9. The Honorable Supreme Court has already cautioned the learned courts below in Muhammad Tanveer v. State PLD 2017 SC 733, in the following terms:
"Once this Court has held in categorical terms that grant of bail in offenses not falling within the prohibitory limb of section 497, Cr.P.C. shall be a rule and refusal shall be an exception, then the Courts of the country should follow this principle in its letter and spirit because principles of law enunciated by this Court are constitutionally binding [under Article 189] on all Courts throughout the country including the Special Tribunals and Special Courts."
10. In the present case, the learned trial Court has failed to adhere to the principle of law enunciated by the Honorable Supreme Court,as discussed supra.
11. In the light of the principles set forth by the Honorable Supreme Court in post arrest bail matters, as discussed supra, the impugned order passed by the learned trial Court is thus not sustainable under the law and liable to be reversed on the aforesaid analogy. On the aforesaid proposition, I am fortified with the decisions of Honorable Supreme Court rendered in the cases of Tariq Bashir v. State PLD 1995 SC 34; Imtiaz Ahmad v. State PLD 1997 SC 545; Subhan Khan v. State 2002 SCMR 1797; Zafar Iqbal v. Muhammad Anwar 2009 SCMR 1488.
12. Needless to mention here that the observation hereinabove is tentative and wouldn't affect the merits of the case at the time of trial.
13. For the foregoing reasons, this application is allowed.
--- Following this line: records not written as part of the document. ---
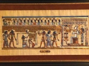 Finally, another powerful symbol from the painting is found in the upper left portion of the papyrus, where Hunefer is seen crouched down, as he pleads with an apparent jury of deities, professing a good life and seeking their praise and mercy. In similar paintings, such as The weighing of the heart of the Scribe Ani in the Great Scales in the Hall of Osiris, these deities are sometimes described as a “divine jury.”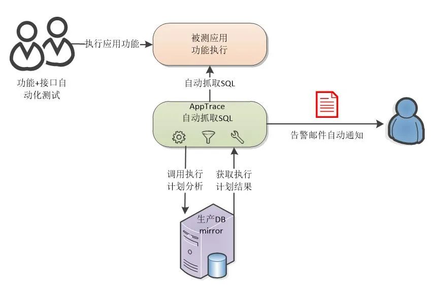 1)功能测试和接口测试时,AppTrace抓取测试执行过程中的所有SQL。通过功能和接口测试实现对应用功能的全量覆盖,使得应用中的SQL几乎都会被抓取到。2)AppTrace将抓取到的SQL请求到生产mirror库中去获取执行计划,以此获得与生产近似的执行分析结果。3)对分析结果为疑似存在性能问题的SQL进行告警,由人工确认、优化。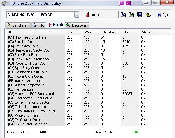 Schaut so aus, als ob mene SATA Festplatte den Geist aufgeben will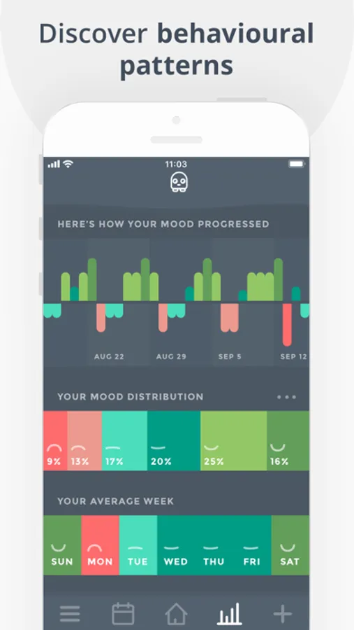 Life is about ups and downs and can sometimes leave you confused. If you want to understand your emotions and mood, self-awareness is key. Moodistory is here to support you in doing that! It's a mood tracker for self-improvement to foster your mental health, happiness and well-being. It is a supporting tool for coping with mood swings, bipolar disorders, anxiety and depression. Your mental well-being, your mental health, is Moodistory’s mission. Selfcare and empowerment are the cornerstones.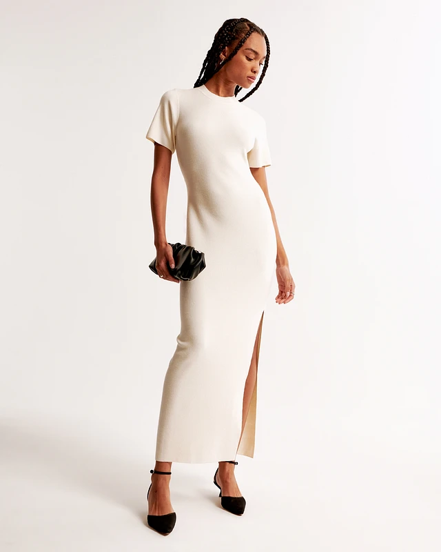 Short-Sleeve Maxi Sweater Dress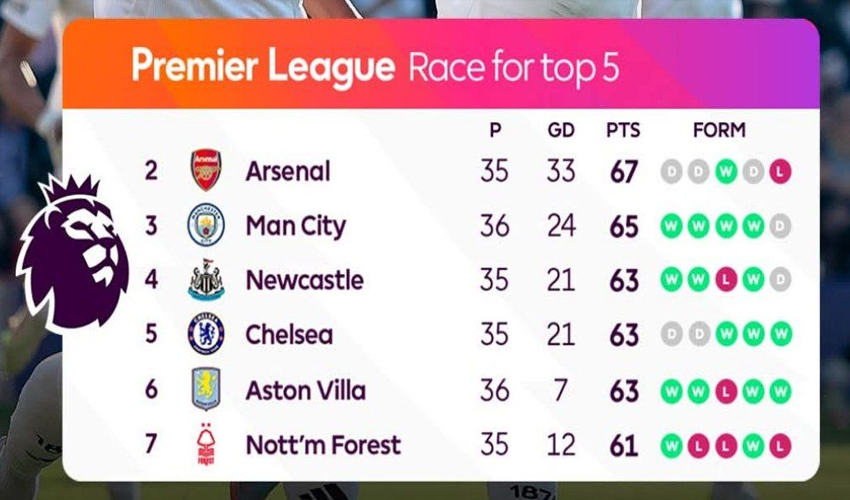 وبالتالي سنشهد مشاركة 6 عمالقة من البريميرليغ في دوري أبطال أوروبا للموسم القادم، واشتعال الصراع في المراكز الخمسة الأولى مع الجولات الثلاث الأخيرة الأخيرة :

Consequently, applicant Bhano Khan Hattar is allowed bail after arrest in FIR No.7 of 2021, punishable for offenses under sections 302,504, 34, 109, P.P.C., registered at Police Station Shah Panjo Sultan, District Dadu, subject to his furnishing a bail bond in the sum of Rs.100, 000/- (Rupees one hundred thousand only), with one surety in the like amount to the satisfaction of the learned trial Court.